The top three things about Aussie financial services

Vanessa Stoykov,  creator,  No More Practice

I first met Hansi more than 20 years ago, when she was a consultant at Mercer, and I worked at a funds management firm.

I was fascinated to read her blog about the Indian financial services industry, and its contrast to Australia.

Of course we know our industry is developed and world-class. Despite bad press in some areas of our industry, it is always an interesting exercise to look at what we have built, and celebrate its quality.

1. A superannuation system that people take for granted as they save for retirement.

Those entering the workforce today may not understand what their super is doing, but they take it for granted that they get it. Our challenge now is to engage people with their super savings so they can make an informed decision about the kind of retirement they want and actively work towards it.

2. A crowded and competitive funds management industry, with world-class brands.

The ability for an adviser or an individual to select a quality fund manager is not tough - there are many to choose from.
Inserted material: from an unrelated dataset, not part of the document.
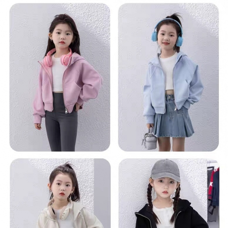 소녀 짧은 후드 코트 봄 새로운 어린이 서양식 스포츠 코트 봄과 가을 중대형 어린이 조수 지퍼 셔츠스토어 가기

3. An advice business focus that is now truly on education and the long term viability of giving advice without commissions.

While we have yet to fully see the rising standards of education transform the industry, we are well on our way, and the next 20 years will see the industry focus more on education and connecting with clients on a long-term basis via a fee-for-service model.

When you read Hansi's blog around where the Indian market is at, you can see the next 20 years have many challenges for India to overcome. Her final question had me thinking – ‘what would we do if we had the forces at play that India does at the moment?’

It seems that the regulation that has turned our industry inside out is desperately needed there.

Equally, a nationwide education campaign on how to think like an investor is also required.

One thing I do know for sure is leaders in both India and Australia need to focus squarely on a 20 year vision for change. Short-termism is the enemy of excellence and always leaves it to the next generation to make it right.